[Excerpts from a dataset]
- - - - - - -
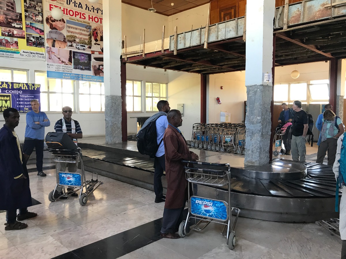 アディスアベバは首都で国際線も発着するので、大きな空港ですが、ラリベラ空港、アクスム空港などは国際線がなく、国内線の利用者も外国人しかいないので、だだっ広い空港にプロペラ機一機で到着というあまり考えられない光景が広がっています。
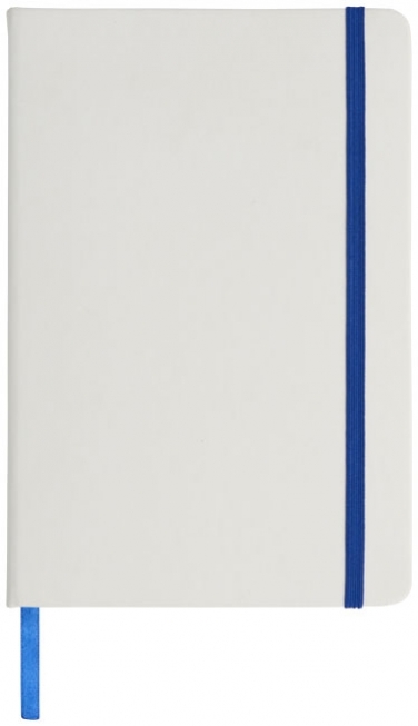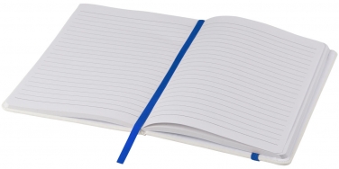 White A5 notebook with coloured elastic closure and ribbon. Includes 96 sheets (60g/m2) lined paper. Digital print possible on cover.
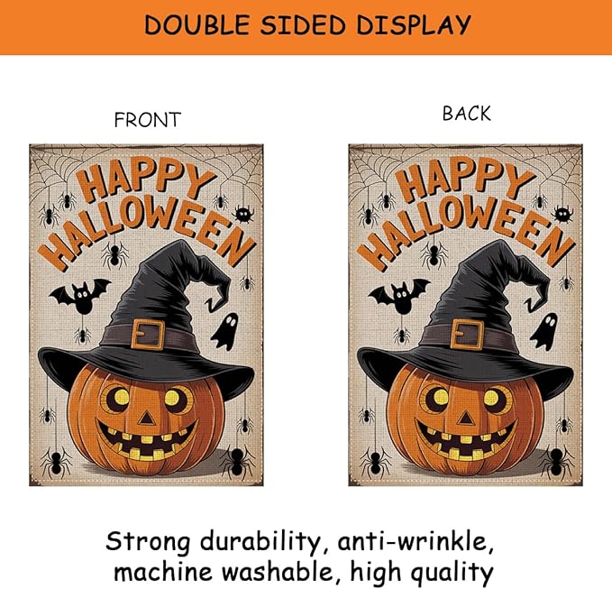 HTBIG Halloween Pumpkin Garden Flags, Happy Halloween Spooky Pumpkin Decor, Yard Flags for Outside 12x18 inch, Outside Yard for Home Decorations
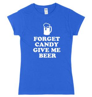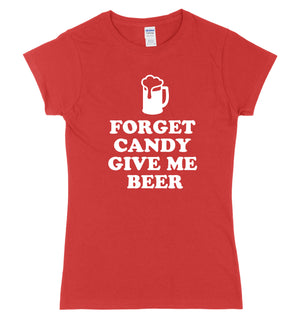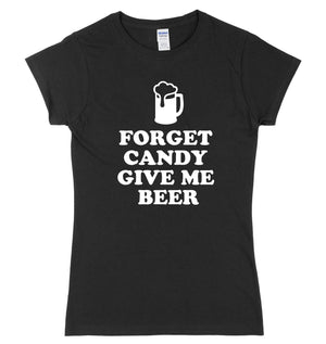 FORGET CANDY GIVE ME BEER - The perfect Trick or Treating T-Shirt for Adults this Halloween. Featuring a White print this design is available on a choice of 6 shirt colours.
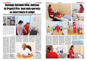 În acest context, Compartimentul de oncologie medicală al Spitalului Clinic Județean de Urgență Ilfov se conturează ca un exemplu de funcționare integrată și eficientă a unui sistem care pune pacientul în centrul atenției. Organizată pe toate cele trei palierele esențiale – ambulator, spitalizare de zi și internare continuă – secția, care este condus de dr. Berghea Roxana, are 15 paturi și este deservită de doi medici oncologi (alături de șefa de secție o găsim aici și pe dr. Nica Nicoleta), opt asistente, cinci infirmiere și un brancardier, oferă pacientului toate serviciile medicale decontate de Casa de Sănătate, într-un timp mai scurt, ceea ce reprezintă un aspect încă rar întâlnit în alte unități medicale din București.
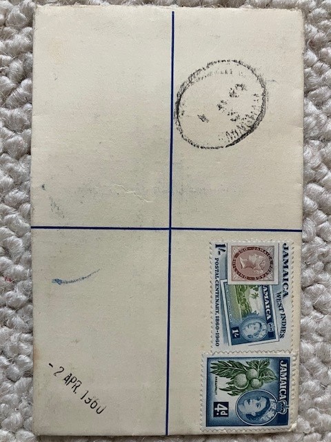 Jamaica 1960 2d registered envelope fine used to UK uprated 1/4d on back (uncancelled)
- - - - - - -
• YOUR TASK: Transcribe exactly the span of lines from the line holding "White A5 notebook" through the last line above, both included. Pictures stay out.

• ANSWER:
 White A5 notebook with coloured elastic closure and ribbon. Includes 96 sheets (60g/m2) lined paper. Digital print possible on cover.
 HTBIG Halloween Pumpkin Garden Flags, Happy Halloween Spooky Pumpkin Decor, Yard Flags for Outside 12x18 inch, Outside Yard for Home Decorations
 FORGET CANDY GIVE ME BEER - The perfect Trick or Treating T-Shirt for Adults this Halloween. Featuring a White print this design is available on a choice of 6 shirt colours.
 În acest context, Compartimentul de oncologie medicală al Spitalului Clinic Județean de Urgență Ilfov se conturează ca un exemplu de funcționare integrată și eficientă a unui sistem care pune pacientul în centrul atenției. Organizată pe toate cele trei palierele esențiale – ambulator, spitalizare de zi și internare continuă – secția, care este condus de dr. Berghea Roxana, are 15 paturi și este deservită de doi medici oncologi (alături de șefa de secție o găsim aici și pe dr. Nica Nicoleta), opt asistente, cinci infirmiere și un brancardier, oferă pacientului toate serviciile medicale decontate de Casa de Sănătate, într-un timp mai scurt, ceea ce reprezintă un aspect încă rar întâlnit în alte unități medicale din București.
 Jamaica 1960 2d registered envelope fine used to UK uprated 1/4d on back (uncancelled)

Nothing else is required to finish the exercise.